ESOP participants as individuals would be unlikely to meet these tests. ESOP companies are more likely to engage in participative management, but the majority of ESOP participants would not have the background or be involved in day-to-day control of the business, including contracts and estimates. In addition, although some ESOP companies choose to have ESOP participants direct the vote on all shareholder issues, federal law requires only that ESOP participants be able to direct the way the ESOP trustee votes on a subset of shareholder issues [Reference 12].

Despite the above discussion, correspondence between a representative of the Illinois Business Enterprise Program (BEP), which manages this certification, and an ESOP company that prefers to remain anonymous because of its ongoing discussions, indicates that BEP permits ESOP firms to "look through" the ESOP to the ESOP participants in order to determine whether a company meets the ownership test. The representative affirmed that the ESOP participants must also meet the control requirements, though he did not indicate whether or how those requirements would be interpreted in the context of an ESOP.

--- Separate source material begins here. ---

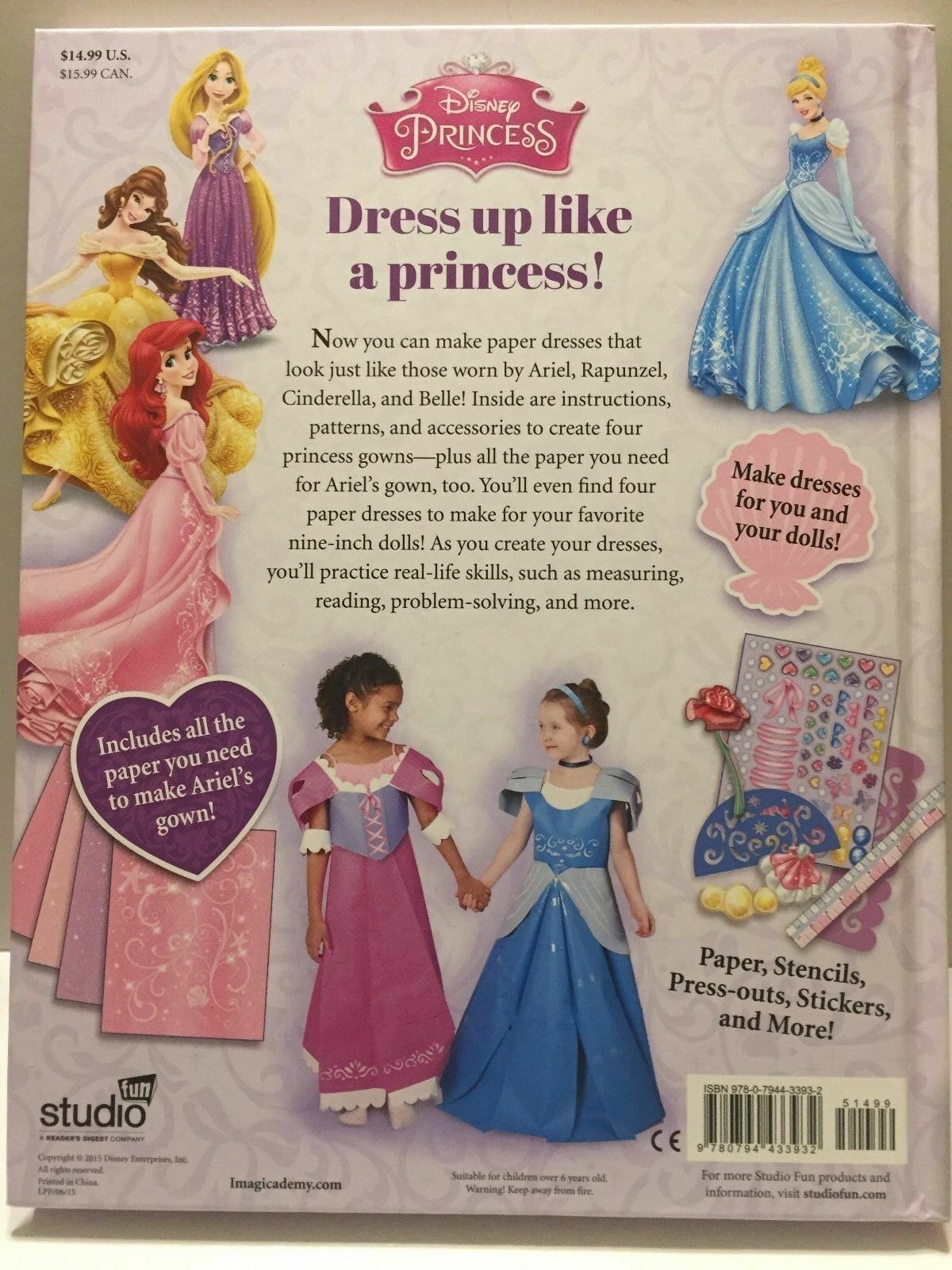 Disney Princess Create Your Own Paper Dresses Book. Great book for Parent-Child Activity. Contains instructions to create 4 Princess Dresses for kids and/or their dolls. Paper, stencils, press-outs and stickers all in this book. Perfect for your little Princess. Regular cover price $15. Quite heavy book, will ship as Media Mail. 1 business day of handling and 2-8 business days of shipping. Tracking included with media Mail shipment. Thank you for your interest in this item!

The implications of the current Illinois law are that ESOP companies may be able to qualify, depending on the demographics of their work forces, but that they face considerable uncertainty about whether they would qualify, and that uncertainty would not be resolved until after the transfer of ownership to the ESOP.

Case: Butler/Till

There are examples of majority ESOPs that have retained or acquired certifications notwithstanding their ESOP structure. Butler/Till, an integrated media and communications firm founded by Sue Butler and Tracy Till in 1998, is one such company. Headquartered in Rochester, New York, Butler/Till employs more than 100 people and has more than $160 million in billings from clients across the public, private, and non-profit sectors. Among its numerous accolades, Butler/Till has been ranked as one of the 5,000 fastest-growing companies in Inc. magazine, and one of the best places to work in advertising and media, according to Advertising Age. It is also a 100% ESOP-owned company.

Butler/Till was first recognized as a Women-owned Business Enterprise (WBE) in 2001 and continued to be so until Sue Butler and Tracy Till sold 51% of the company to the ESOP in 2011. The company lost WBE status the following year and did not appeal the decision, nor did it try to renew in the following years. The company and its owners completed a second transaction in 2014 to become a 100% ESOP. The company did not try to change its status until the following year, when it purchased WBE certified company Brand Cool.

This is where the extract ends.